If you were to describe the inverse unit circle, you would probably say it was a circle with a radius of one. The inverse unit circle is, in fact, a circle with a radius of pi.

For those of you who’ve been thinking about this for a while, you might be wondering what the inverse unit circle is. It’s a circle made by squaring pi.

The inverse unit circle is, however, much more in-depth than the unit circle. It is the circle made by squaring pi squared and dividing by pi.

Pi is a number greater than one, and the inverse unit circle is the circle of radius one. If you’ve ever wondered what pi is, you can find it on Wikipedia. It’s the smallest number that can be factored into primes. In other words, the number pi is the smallest number that can be factored into prime numbers.

In this video, the inventor of the inverse unit circle explains the concept and what it is.

In a nutshell, the inverse unit circle is the circle made by squaring pi squared and dividing by pi. Pi is a number greater than one, and the inverse unit circle is the circle of radius one. When we square pi (pi squared) and then divide it by pi, the result is the circle of radius one—and that means this circle is what we’re trying to find.

In the video the inventor of the inverse unit circle explains what the circle of radius one is, and also how it came to be. He’s doing this by squaring pi (pi squared) and then dividing it by pi.
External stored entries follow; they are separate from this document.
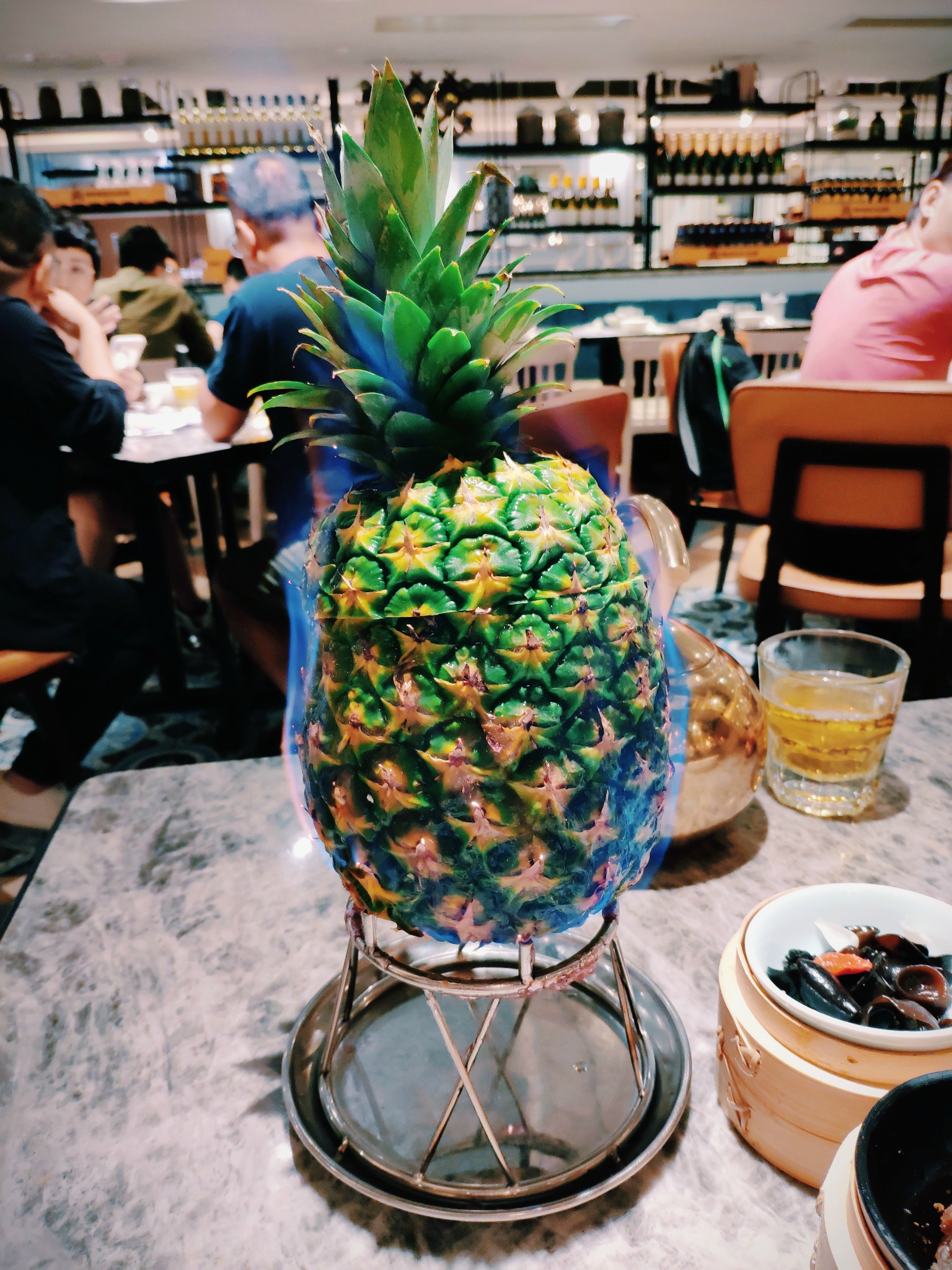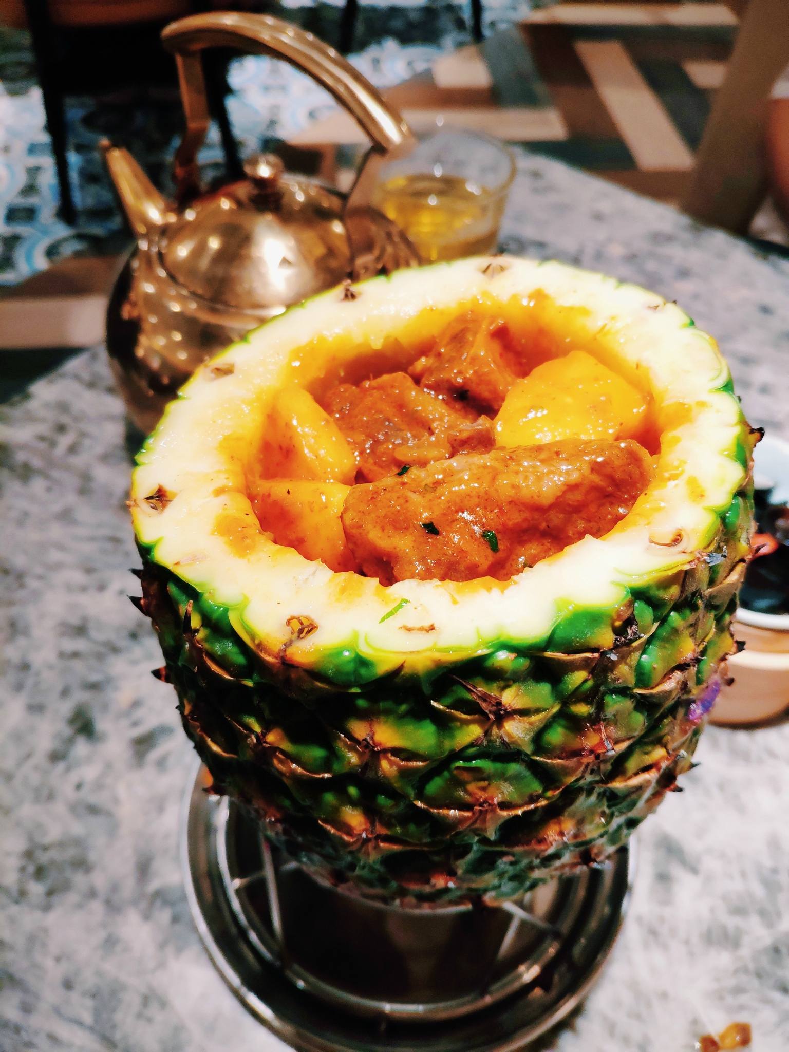 「火焰菠蘿」一百多快的菜价也是有点肉疼……不过看在是招牌菜的份上,剁手也要尝鲜~点火开盖的过程充满仪式感,里面满满的菠萝、肉块儿,有种在淘宝的惊喜~口味酸甜可口,非常特别~虽然价格略贵,但也算值得~
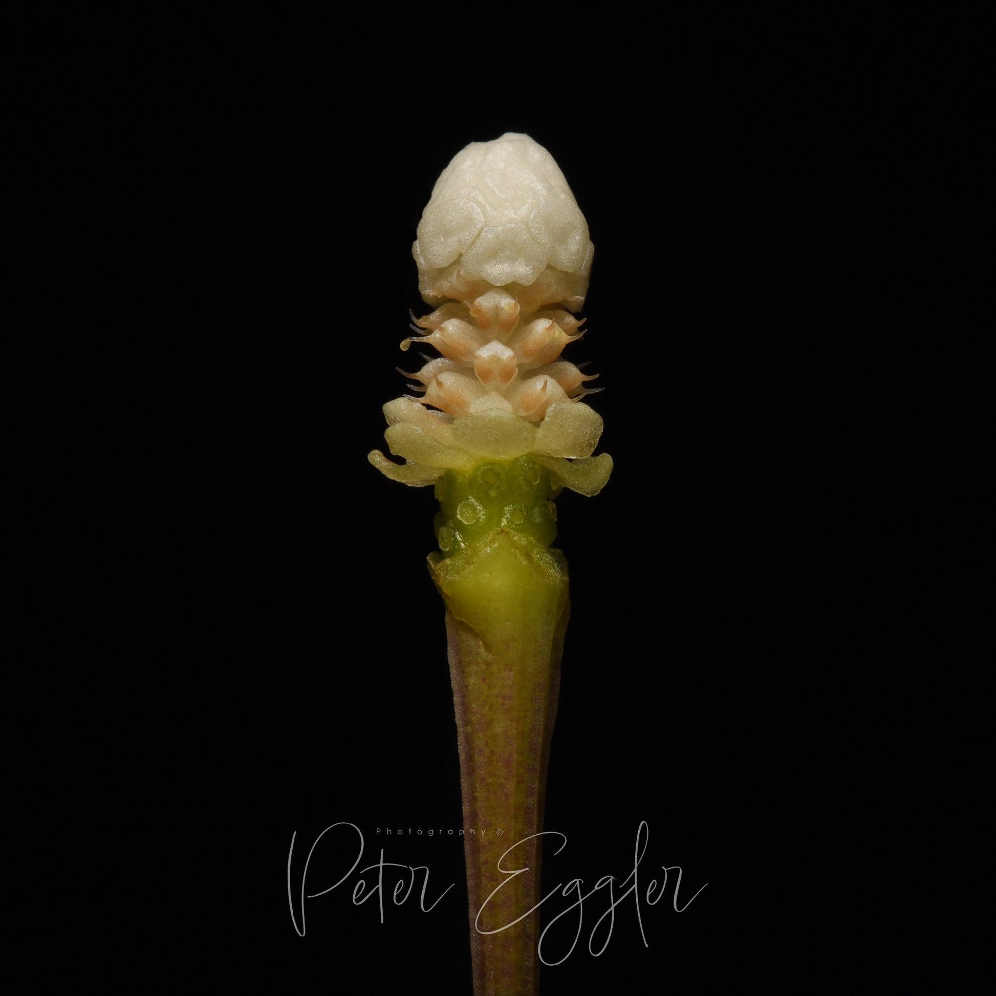 Image 2: Detailed view of the inflorescence of Bucephalandra sordidula (TQ-01037). The spathe has been artificially removed to reveal the entire spadix.
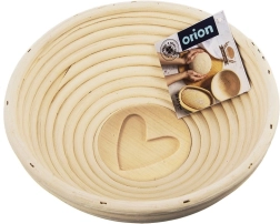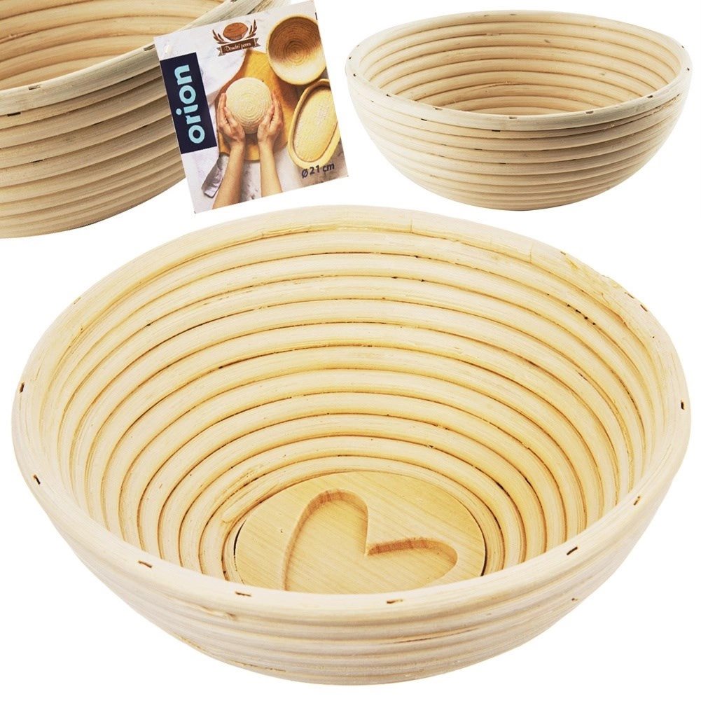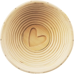Banneton rond en rotin de 21 cm de diamètre avec cœur décoratif, qui aide votre pâte à bien lever et à conserver la forme d’une miche traditionnelle. En rotin naturel beige pour une levée homogène et des motifs spiralés typiques. Idéal pour une miche d’environ 1,2 kg (env. 600 g de farine), parfait pour la boulangerie maison et professionnelle.
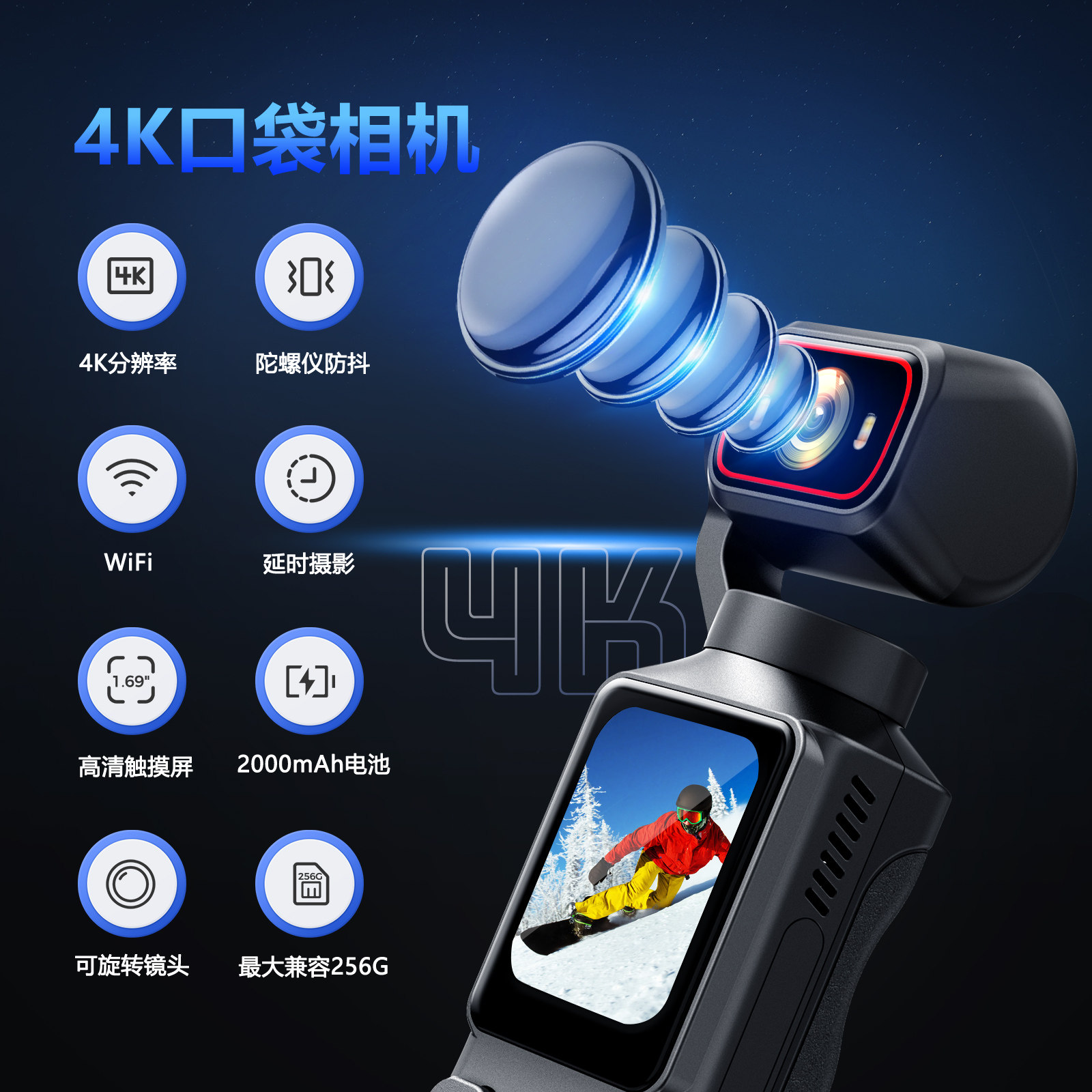 vlog防抖防水4K运动相机摩托车行车记录仪摄像拇指360全景Pocket3
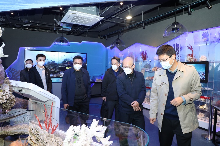 bevictor伟德官网党办校办副主任、原bevictor伟德官网副经理王少鹏向调研组一行介绍了科普基地以珊瑚礁为主题和特色,向专业人士、社会观众、中小员工等开展珊瑚礁科普活动的情况。调研组实地考察了广西南海珊瑚礁研究重点实验室、珊瑚礁生态修复实验室、样品库、海洋科教馆等,了解了公司科研团队在涠洲岛开展珊瑚礁生态修复的工作进展;仔细察看了公司关于海洋科普和意识教育有关内容的宣传栏、展陈展品等各项科普设施设备。
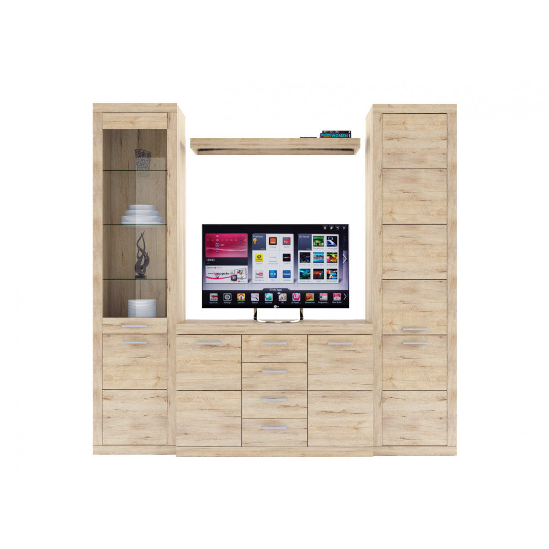 - 4 варианта тумб RTV с выдвижными ящиками на шариковых направляющих. 2 размера надставных полок для RTV-тумб (полка TVB и полка TV), позволяющих установить выше телевизор. Варианты навесных полок, соответствующих по размеру тумбам для телевизора. Тумба RTV 2S2NL имеет глубину 351 мм, что позволяет составить модули, имеющие такую же глубину, в одну линию без выступающих элементов.
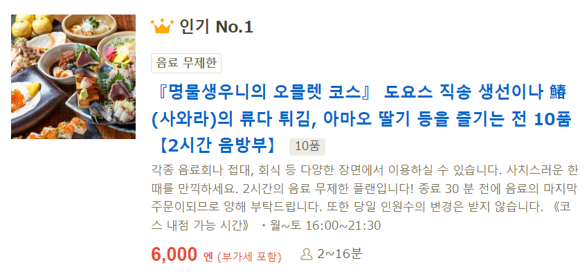 여러가지 코스가 있는데 일단 우리는 제일 싼 6천엔으로 주문햇다
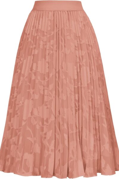 Women High Elastic Waist Pleated Chiffon Skirt Midi Swing A-line Skirts
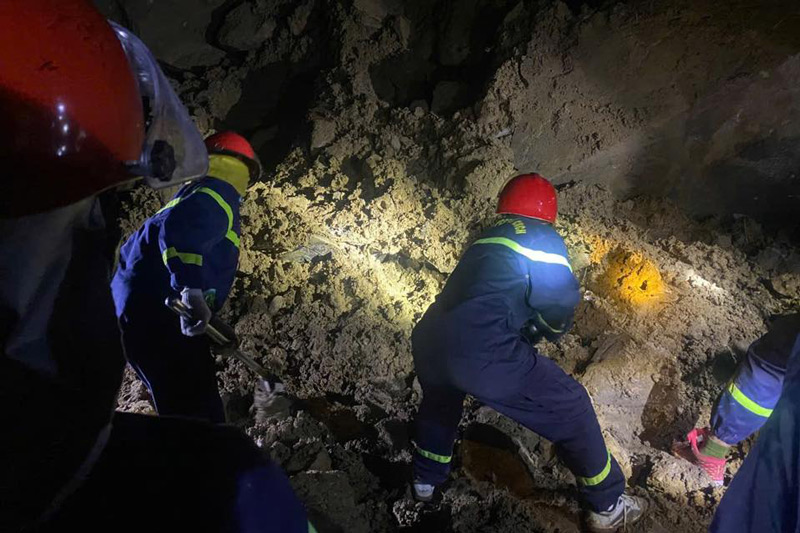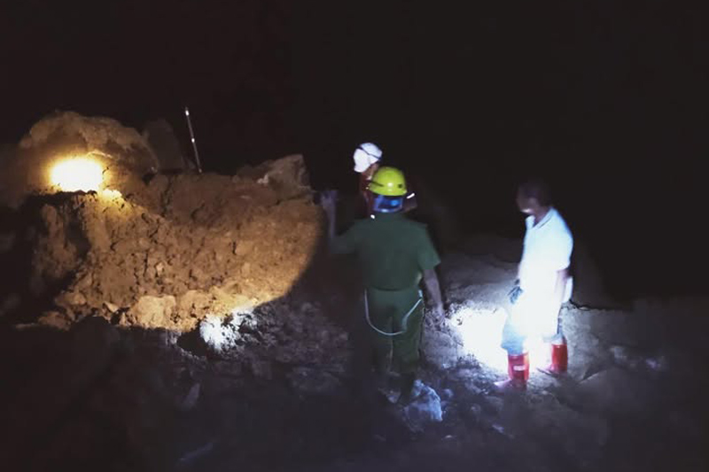 Currently, after many hours of effort, the units have cleared the rocks and soil and brought the two bodies, Hoang Van Dinh and Hoang Duc Giang, out. Rescue work is still being carried out to search for the remaining person, Mr. Tam added.
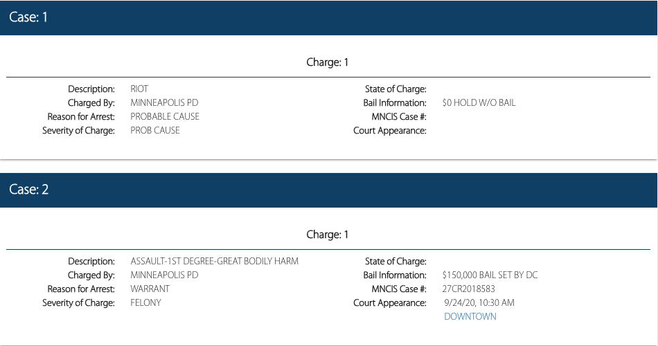 https://en.wikipedia.org/wiki/2020_Minneapolis_false_rumors_riot https://www.facebook.com/CrimeWatch1stPct/posts/partial-list-of-arrested-parties-overnightthis-is-all-public-information-the-inf/1965625946906966/
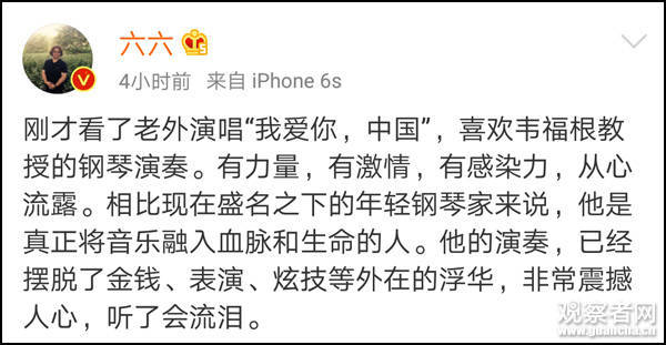 聽著這歌聲,直教人熱血沸騰,知名作家六六在微博盛贊:看著看著就流淚了。

Pi squared is a number greater than 1, and the circle of radius one is the circle that you make when you square pi (pi squared) and then divide it by pi.

The inverse of a unit is a unit, so when we square pi pi squared and then divide it by pi, we get a circle of radius one. Now that is a very special circle, though, because it’s the inverse of a unit circle. That gives us the inverse of the unit circle, or better, the inverse of the unit circle.

Imagine you are the person who makes a unit circle of radius one and you want to take it apart. It’s easy in the sense that you need to find the center point of the unit circle, find the radius of that circle, then you can take the square root of that number, which is the inverse of the radius of the unit circle. But this is a very, very special circle, because it’s the inverse of a unit circle.